::: DATA SUPPLIED

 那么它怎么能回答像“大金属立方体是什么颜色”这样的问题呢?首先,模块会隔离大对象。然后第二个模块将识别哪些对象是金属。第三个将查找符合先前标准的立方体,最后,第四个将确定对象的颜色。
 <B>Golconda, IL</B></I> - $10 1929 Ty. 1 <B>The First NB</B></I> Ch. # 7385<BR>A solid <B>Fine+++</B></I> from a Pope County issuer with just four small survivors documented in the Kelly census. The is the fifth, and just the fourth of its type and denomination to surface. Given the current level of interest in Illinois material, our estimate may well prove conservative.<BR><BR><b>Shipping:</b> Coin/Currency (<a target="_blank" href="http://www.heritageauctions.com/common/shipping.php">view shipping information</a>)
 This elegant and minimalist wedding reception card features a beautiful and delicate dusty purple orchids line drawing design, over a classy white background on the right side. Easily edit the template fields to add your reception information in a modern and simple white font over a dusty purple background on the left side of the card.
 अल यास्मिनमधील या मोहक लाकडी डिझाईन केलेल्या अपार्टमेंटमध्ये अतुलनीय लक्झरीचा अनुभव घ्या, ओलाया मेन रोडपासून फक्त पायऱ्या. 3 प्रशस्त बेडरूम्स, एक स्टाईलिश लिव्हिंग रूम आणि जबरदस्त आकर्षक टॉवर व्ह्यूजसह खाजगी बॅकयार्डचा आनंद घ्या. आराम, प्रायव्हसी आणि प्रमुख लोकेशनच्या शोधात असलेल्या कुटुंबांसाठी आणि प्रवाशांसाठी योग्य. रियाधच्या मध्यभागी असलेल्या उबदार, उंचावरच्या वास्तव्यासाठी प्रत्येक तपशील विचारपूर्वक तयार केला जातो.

::::::
::: DATA SUPPLIED

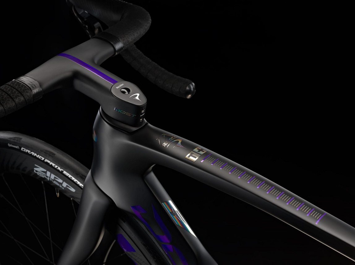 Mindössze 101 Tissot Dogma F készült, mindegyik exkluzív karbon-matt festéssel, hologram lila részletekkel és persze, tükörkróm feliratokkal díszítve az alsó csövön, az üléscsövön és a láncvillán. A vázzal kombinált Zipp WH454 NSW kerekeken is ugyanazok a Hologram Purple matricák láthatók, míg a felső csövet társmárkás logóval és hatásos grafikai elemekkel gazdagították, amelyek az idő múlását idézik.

::::::
::: DATA SUPPLIED

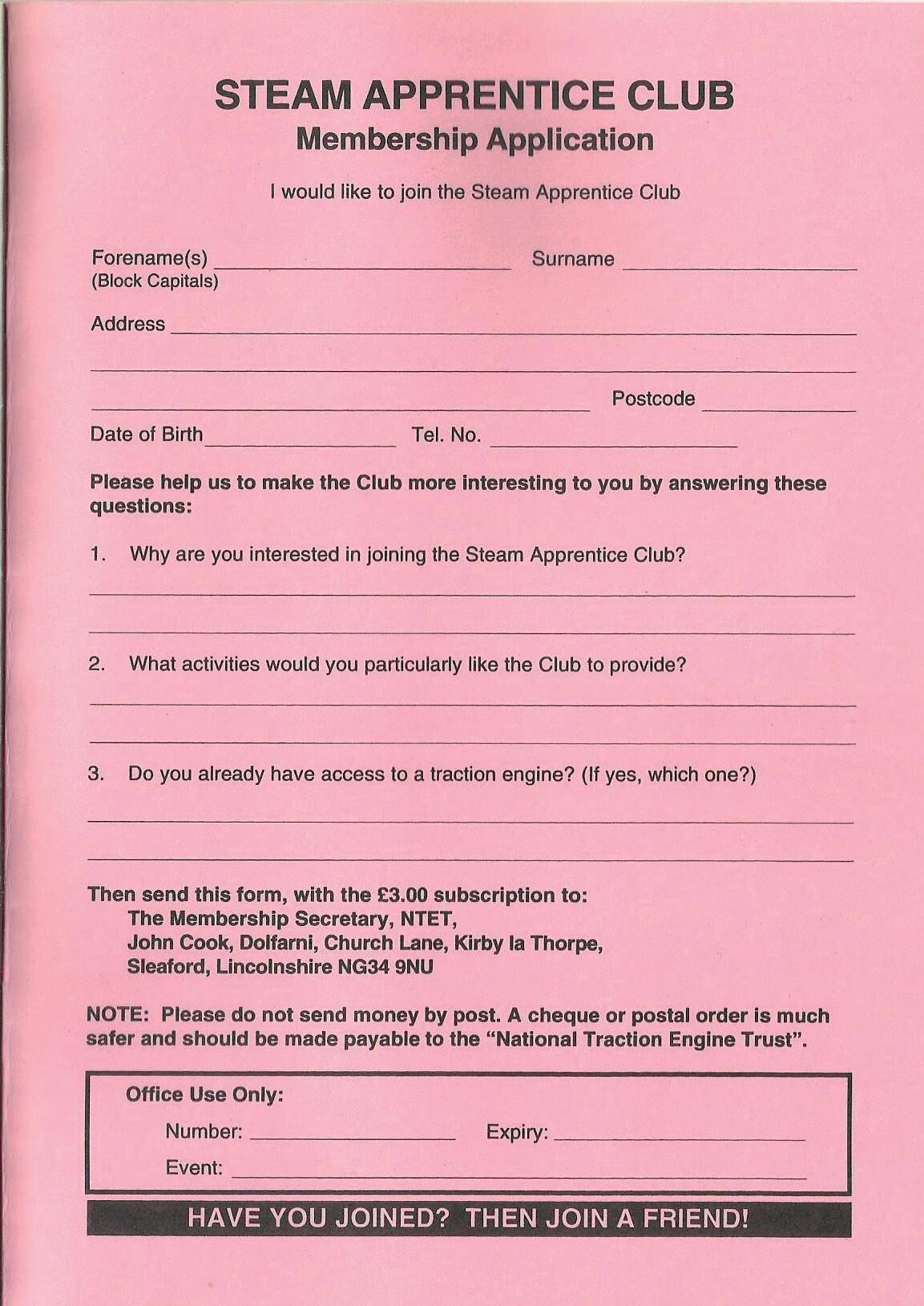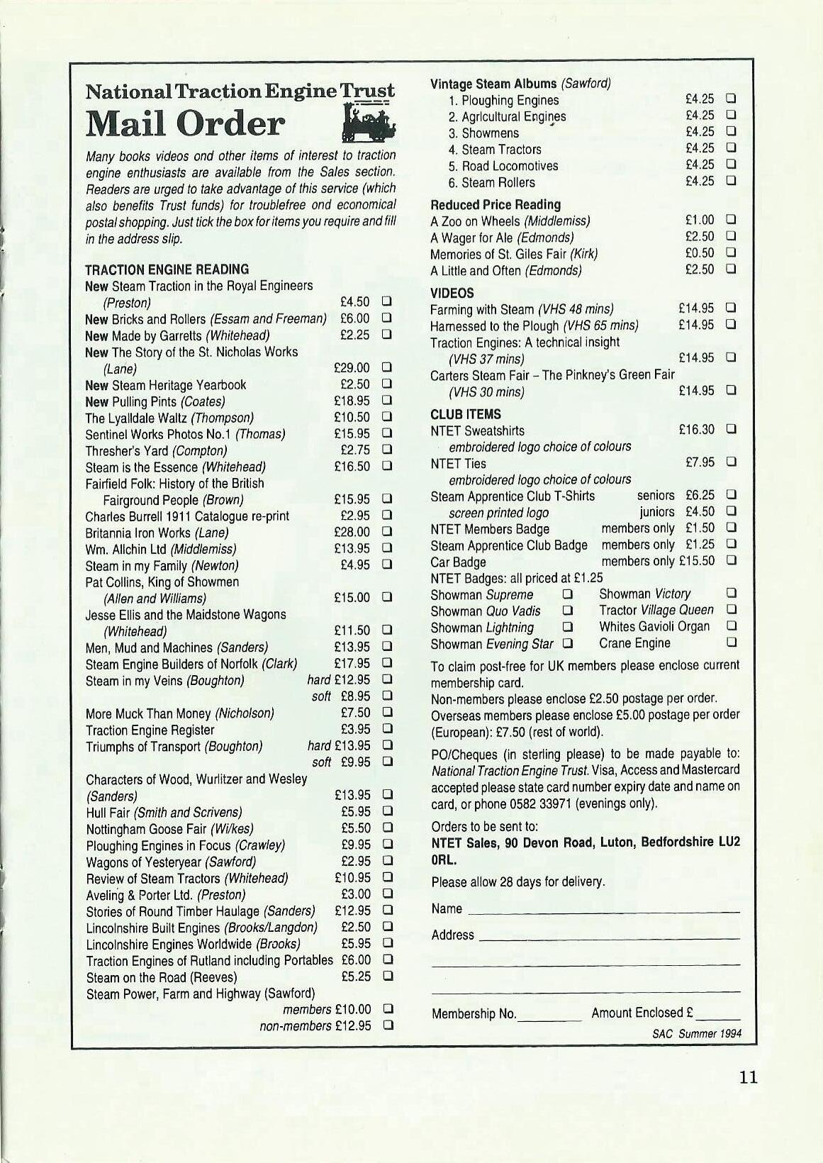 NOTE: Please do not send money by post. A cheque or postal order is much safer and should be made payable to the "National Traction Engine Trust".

::::::

## [TASK OBJECTIVE]
The stretch of entries above that starts with the line containing "<B>Golconda, IL</B></I> - $10" and goes on through the line containing "अल यास्मिनमधील या" is to be transcribed exactly, and no other line is to be transcribed.

## [OUTPUT BELOW]
 <B>Golconda, IL</B></I> - $10 1929 Ty. 1 <B>The First NB</B></I> Ch. # 7385<BR>A solid <B>Fine+++</B></I> from a Pope County issuer with just four small survivors documented in the Kelly census. The is the fifth, and just the fourth of its type and denomination to surface. Given the current level of interest in Illinois material, our estimate may well prove conservative.<BR><BR><b>Shipping:</b> Coin/Currency (<a target="_blank" href="http://www.heritageauctions.com/common/shipping.php">view shipping information</a>)
 This elegant and minimalist wedding reception card features a beautiful and delicate dusty purple orchids line drawing design, over a classy white background on the right side. Easily edit the template fields to add your reception information in a modern and simple white font over a dusty purple background on the left side of the card.
 अल यास्मिनमधील या मोहक लाकडी डिझाईन केलेल्या अपार्टमेंटमध्ये अतुलनीय लक्झरीचा अनुभव घ्या, ओलाया मेन रोडपासून फक्त पायऱ्या. 3 प्रशस्त बेडरूम्स, एक स्टाईलिश लिव्हिंग रूम आणि जबरदस्त आकर्षक टॉवर व्ह्यूजसह खाजगी बॅकयार्डचा आनंद घ्या. आराम, प्रायव्हसी आणि प्रमुख लोकेशनच्या शोधात असलेल्या कुटुंबांसाठी आणि प्रवाशांसाठी योग्य. रियाधच्या मध्यभागी असलेल्या उबदार, उंचावरच्या वास्तव्यासाठी प्रत्येक तपशील विचारपूर्वक तयार केला जातो.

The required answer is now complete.